**RECORDS PROVIDED:**

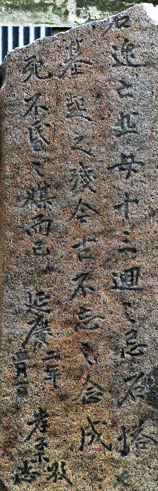 刻銘全文:「右迎亡悲母十三廻之忌石塔、口其起之残今古不忘之念成、口死不昏之媒而已
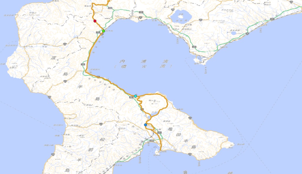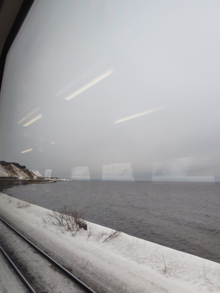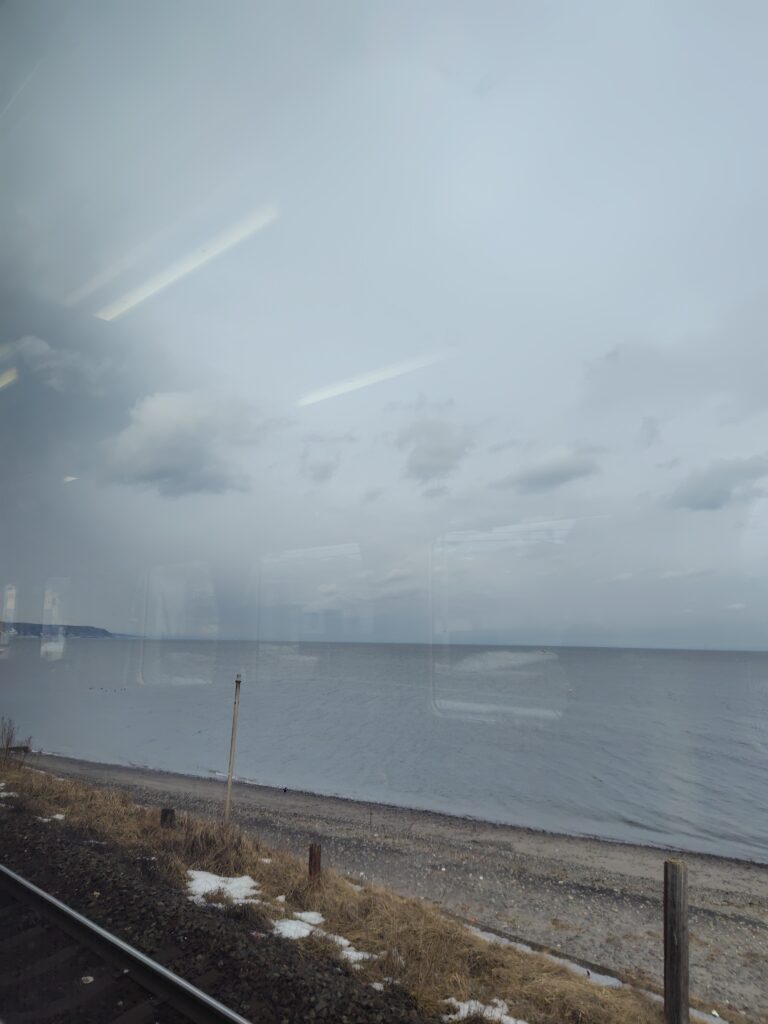途中で、主要駅の森に到着。いかめしが人気の駅で、あとでまた来るのでその時ゆっくり見ます。さて、この森では20分ほど運転停車。両方面からの北斗が行くのを待っての発車です。森から長万部までは、噴火湾に沿うようにして走る、かなり景色の良い路線です。遠くにはうっすらと伊達や室蘭が見えます。
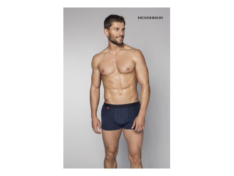 Stylowe bokserki uszyte z tkaniny, której geometryczny wzór imituje efekt 3D. Modna, wyrazista aranżacja. Stonowany, granatowy kolor. W pasie tunel z krytą gumą. Profilowany panel stref intymnych zagwarantuje pełen komfort w ciągu całego, długiego dnia. Renomowany producent Henderson. Skład: 95% bawełna, 5% elastan.RozmiarObwód pasaS74-80M82-88L90-96XL98-104XXL106-110Tabela wyrażona w cm.
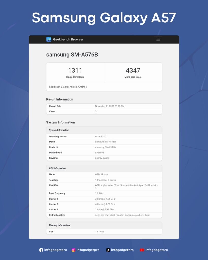 Galaxy A57 juga sudah menjalankan Android 16, menandakan perangkat ini dipersiapkan untuk rilis 2025 dengan dukungan software jangka panjang.
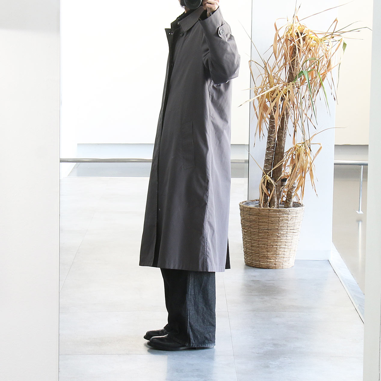 ・90’s POLO RALPH LAUREN “BLACK” All Cotton Gabardine Balmacaan Coat [S]
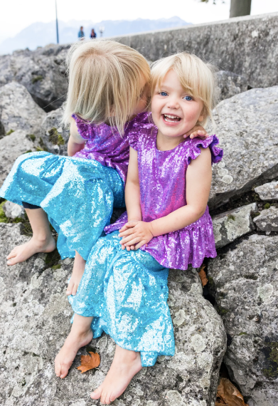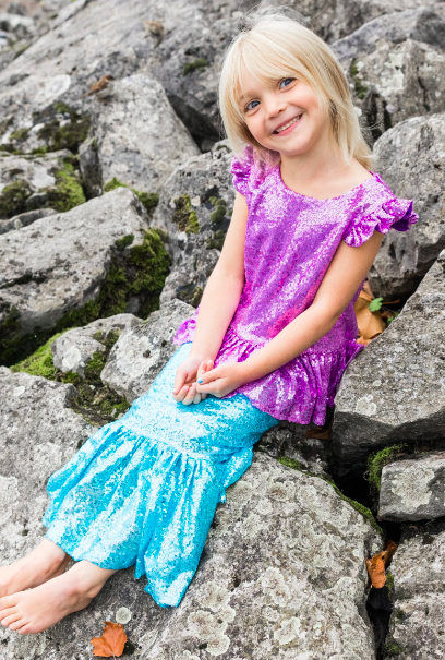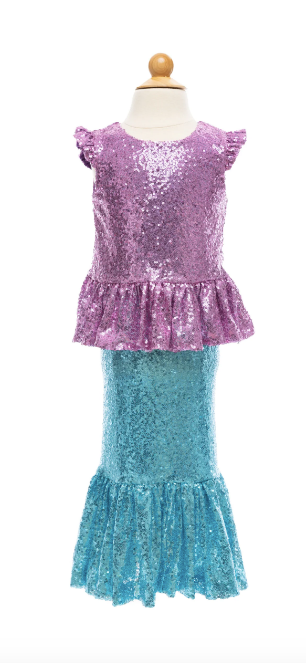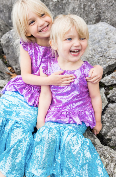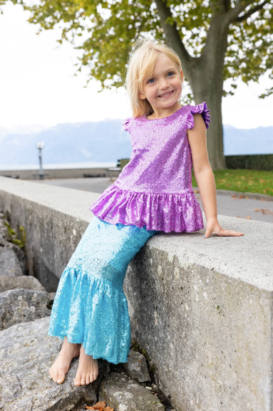 Shimmer through the ocean with our NEW Sequins Sparkle Mermaid Top & Skirt The peplum sequin top is made of thousands of stunning lilac sequins and has a zipper in the back. The mermaid silhouette skirt features beautiful sky-blue sequins with an elastic waistband. This set is sure to make a splash!
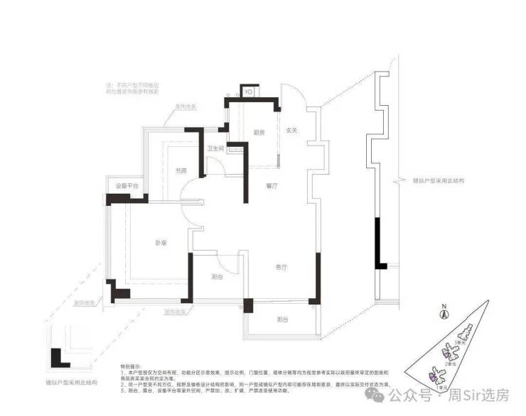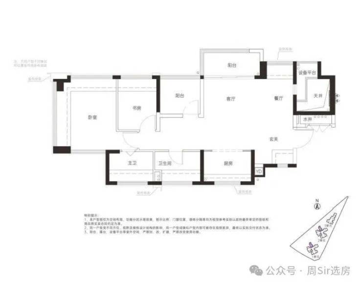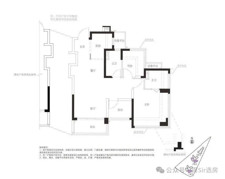 78㎡的3房2厅2卫,设计的是竖厅格局,客厅3.4米开间,LDKG+X空间一体化,S墙设计预留冰箱卡槽位,动静分区,三开间朝南,主卧+1个次卧都是双飘窗设计,次卧带1个设备平台放空调机位,U型厨房,卫生间干湿分离,公卫带1个设备平台可日常使用,得房率:100%(包含赠送),西南或东南朝向。
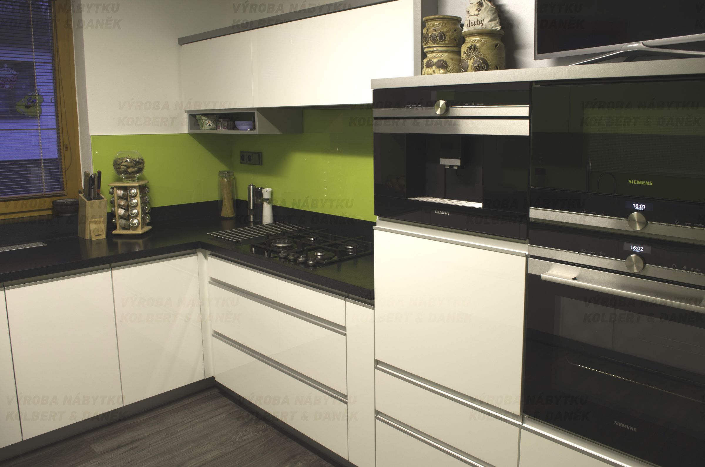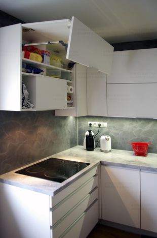 Moderní kuchyně v laku vysoký lesk. Skříňka s dvojitým výklopem má přes odvážný rozměr dokonalou funkci díky kování Blum Aventos.
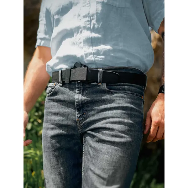 Perfect for appendix carry, the Contender uses their compact Supreme buckle (1 1/2" x 1 11/16"), freeing up valuable real estate up front while ensuring a sleek, low-profile setup. With our trusted PreciseFit™ ratchet system, you'll get a micro-adjustable, dialed-in fit every time - whether you're carrying front and center, strong side, or moving all day on the job.

**WHAT IS REQUIRED:** Output only the lines above from the one containing "Stylowe bokserki uszyte" to the one containing "Balmacaan Coat [S]", both included, exactly as written and with no pictures.

**THE COMPLETED TASK:**
 Stylowe bokserki uszyte z tkaniny, której geometryczny wzór imituje efekt 3D. Modna, wyrazista aranżacja. Stonowany, granatowy kolor. W pasie tunel z krytą gumą. Profilowany panel stref intymnych zagwarantuje pełen komfort w ciągu całego, długiego dnia. Renomowany producent Henderson. Skład: 95% bawełna, 5% elastan.RozmiarObwód pasaS74-80M82-88L90-96XL98-104XXL106-110Tabela wyrażona w cm.
 Galaxy A57 juga sudah menjalankan Android 16, menandakan perangkat ini dipersiapkan untuk rilis 2025 dengan dukungan software jangka panjang.
 ・90’s POLO RALPH LAUREN “BLACK” All Cotton Gabardine Balmacaan Coat [S]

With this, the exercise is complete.